__Exercise directions__:
Write the data out again exactly, with every picture removed.

*** Supplied information ***

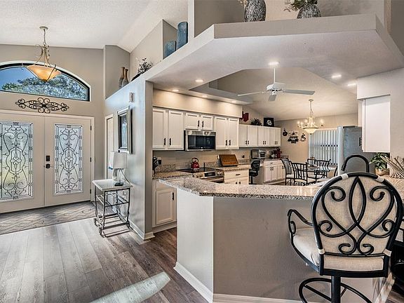 RENOVATED, REMODELED and READY for YOU! Over $100,000 in NEW Updates!! Move Right In to this beautifully updated Nightingale floor plan which is Perfectly situated on a quiet cul-de-sac in The Wellington at Seven Hills... a premier 55+ GATED community, known for its resort-style amenities and carefree living. Enjoy the convenience of MAINTENANCE FREE living in this immaculate home featuring 3 bedrooms, 2 baths, and a 2-car garage with Screened in LANAI Overlooking a Peaceful, Private Backyard! Elegant double-door entry opens into a welcoming foyer with a coat closet that opens to an expansive, OPEN CONCEPT layout. Soaring cathedral ceilings enhance the spacious feel throughout the main living areas. The formal dining room is accented by a bright bay window, while the extended eat-in kitchen offers Gleaming Granite counters, abundant workspace, additional cabinetry for storage or buffet service, new hardware and fixtures, large breakfast bar and a closet pantry. The remodeled kitchen features new 2025 Frigidaire Gallery stainless steel appliances and overlooks the great room which leads to the covered, screened lanai... perfect for relaxing or entertaining while enjoying the private backyard with no rear neighbors and peaceful treed views. The primary suite provides a private retreat with two closets, dual sinks, and a large snail shower illuminated by a skylight. The split-bedroom layout ensures privacy, with luxury vinyl plank flooring throughout most of the home. The third bedroom is currently used as a den or home office, offering versatility to fit your lifestyle. Remodeled bathrooms are STUNNING with a neutral casual elegance feel! ROOF is 2016, HVAC system 2015, Energy-efficient tinted windows added to front of home, exterior paint 2022, and enhanced landscaping adds to the home’s outstanding curb appeal. Residents of Wellington enjoy a vibrant lifestyle with access to a beautifully maintained clubhouse, sparkling pool and spa, fitness center, library, and numerous clubs and activities. Sports enthusiasts can enjoy pickleball, tennis, bocce, and billiards, while the on-site Bar & Grill offers delicious dining just steps from home. Maintenance services include lawn care, fertilization, trimming, exterior painting, roof, cable, and a 24-hour manned gate, ensuring peace of mind and effortless living. Conveniently located near shopping, restaurants, hospitals, and just minutes from the Suncoast Parkway, this home offers the perfect blend of comfort, style, and convenience—all in one of Hernando County’s most sought-after 55+ communities. MUST SEE this home and all the community has to offer so you can LIVE like you are on Vacation Everyday! CALL TODAY!
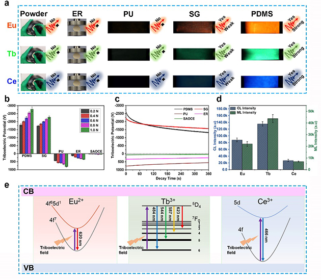 SAOCL/PDMS的机械发光展现出了陷阱非依赖性和自恢复特性,说明材料在机械发光的过程中具有自激活行为,即在力学作用下材料内部电子可直接跃迁到激发态。为进一步明确SAOCL/PDMS的力学激发过程,该团队从机械发光的基体效应出发,结合SAOCL的热释光谱和摩擦起电性能分析,提出了SAOCL/PDMS非压电机械发光的界面摩擦电场诱导电子轰击模型,即在SAOCL与PDMS的界面摩擦作用下,转移到PDMS上的电子在界面摩擦电场作用下加速轰击SAOCL,引起SAOCL内部电子跃迁到激发态,进而产生机械发光。研究人员进一步分析了材料的机械发光与阴极射线发光性能,二者之间的一致性也为提出的界面摩擦电场诱导电子轰击发光模型提供了直接证据(如图2)。
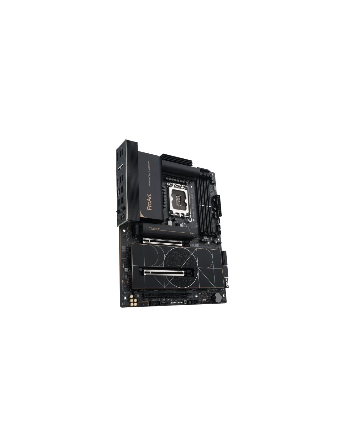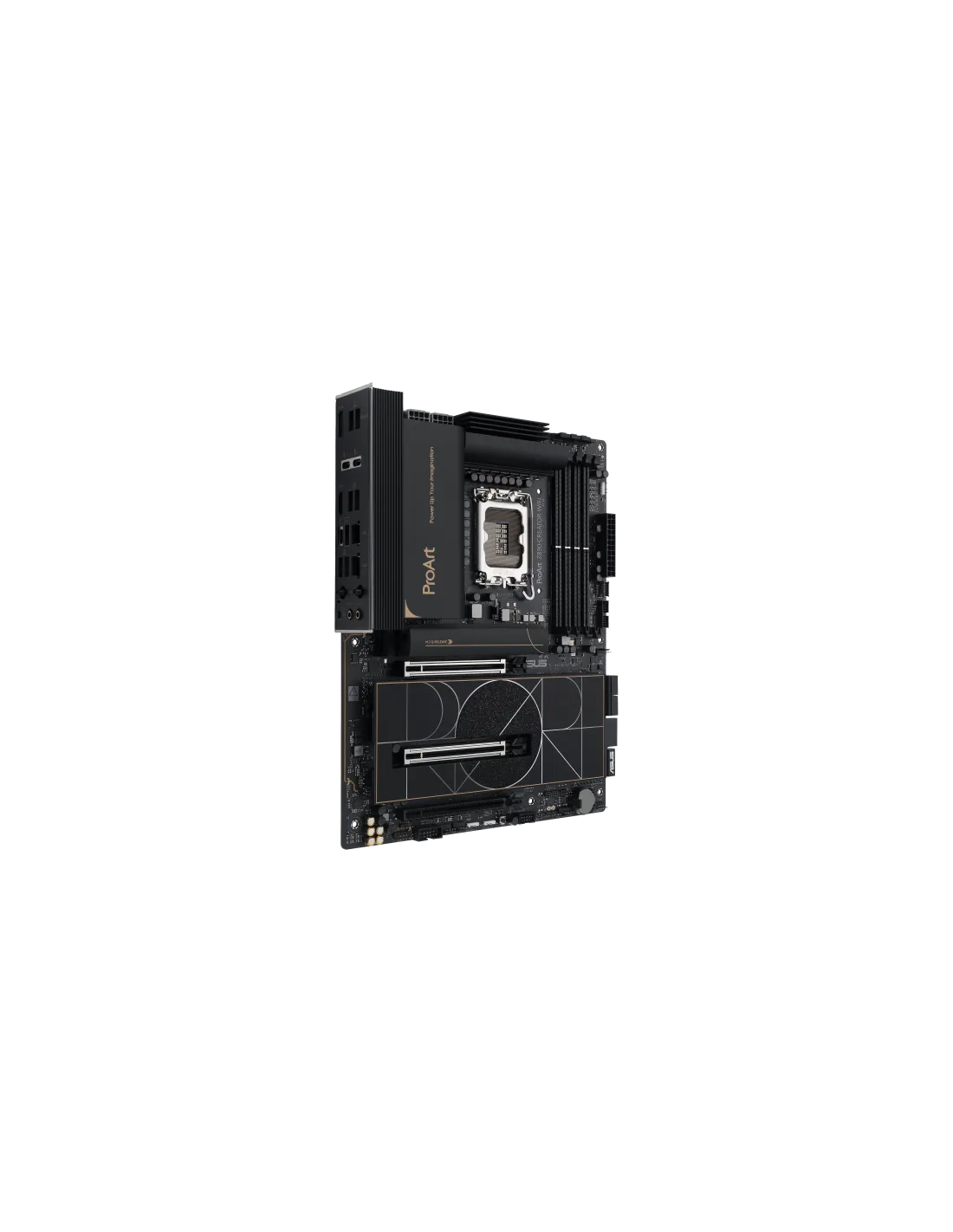 Questa scheda madre esprime una visione professionale, elegante e precisa per i creatori di contenuti di ogni tipo, con uno stile elevato da strati di nero tono su tono infusi con tocchi di oro metallico. Una cover I/O dal design raffinato conferisce un aspetto elegante e sofisticato, nascondendo al contempo i connettori di qualità superiore all'interno.

***

__Exercise result__:
 RENOVATED, REMODELED and READY for YOU! Over $100,000 in NEW Updates!! Move Right In to this beautifully updated Nightingale floor plan which is Perfectly situated on a quiet cul-de-sac in The Wellington at Seven Hills... a premier 55+ GATED community, known for its resort-style amenities and carefree living. Enjoy the convenience of MAINTENANCE FREE living in this immaculate home featuring 3 bedrooms, 2 baths, and a 2-car garage with Screened in LANAI Overlooking a Peaceful, Private Backyard! Elegant double-door entry opens into a welcoming foyer with a coat closet that opens to an expansive, OPEN CONCEPT layout. Soaring cathedral ceilings enhance the spacious feel throughout the main living areas. The formal dining room is accented by a bright bay window, while the extended eat-in kitchen offers Gleaming Granite counters, abundant workspace, additional cabinetry for storage or buffet service, new hardware and fixtures, large breakfast bar and a closet pantry. The remodeled kitchen features new 2025 Frigidaire Gallery stainless steel appliances and overlooks the great room which leads to the covered, screened lanai... perfect for relaxing or entertaining while enjoying the private backyard with no rear neighbors and peaceful treed views. The primary suite provides a private retreat with two closets, dual sinks, and a large snail shower illuminated by a skylight. The split-bedroom layout ensures privacy, with luxury vinyl plank flooring throughout most of the home. The third bedroom is currently used as a den or home office, offering versatility to fit your lifestyle. Remodeled bathrooms are STUNNING with a neutral casual elegance feel! ROOF is 2016, HVAC system 2015, Energy-efficient tinted windows added to front of home, exterior paint 2022, and enhanced landscaping adds to the home’s outstanding curb appeal. Residents of Wellington enjoy a vibrant lifestyle with access to a beautifully maintained clubhouse, sparkling pool and spa, fitness center, library, and numerous clubs and activities. Sports enthusiasts can enjoy pickleball, tennis, bocce, and billiards, while the on-site Bar & Grill offers delicious dining just steps from home. Maintenance services include lawn care, fertilization, trimming, exterior painting, roof, cable, and a 24-hour manned gate, ensuring peace of mind and effortless living. Conveniently located near shopping, restaurants, hospitals, and just minutes from the Suncoast Parkway, this home offers the perfect blend of comfort, style, and convenience—all in one of Hernando County’s most sought-after 55+ communities. MUST SEE this home and all the community has to offer so you can LIVE like you are on Vacation Everyday! CALL TODAY!
 SAOCL/PDMS的机械发光展现出了陷阱非依赖性和自恢复特性,说明材料在机械发光的过程中具有自激活行为,即在力学作用下材料内部电子可直接跃迁到激发态。为进一步明确SAOCL/PDMS的力学激发过程,该团队从机械发光的基体效应出发,结合SAOCL的热释光谱和摩擦起电性能分析,提出了SAOCL/PDMS非压电机械发光的界面摩擦电场诱导电子轰击模型,即在SAOCL与PDMS的界面摩擦作用下,转移到PDMS上的电子在界面摩擦电场作用下加速轰击SAOCL,引起SAOCL内部电子跃迁到激发态,进而产生机械发光。研究人员进一步分析了材料的机械发光与阴极射线发光性能,二者之间的一致性也为提出的界面摩擦电场诱导电子轰击发光模型提供了直接证据(如图2)。
 Questa scheda madre esprime una visione professionale, elegante e precisa per i creatori di contenuti di ogni tipo, con uno stile elevato da strati di nero tono su tono infusi con tocchi di oro metallico. Una cover I/O dal design raffinato conferisce un aspetto elegante e sofisticato, nascondendo al contempo i connettori di qualità superiore all'interno.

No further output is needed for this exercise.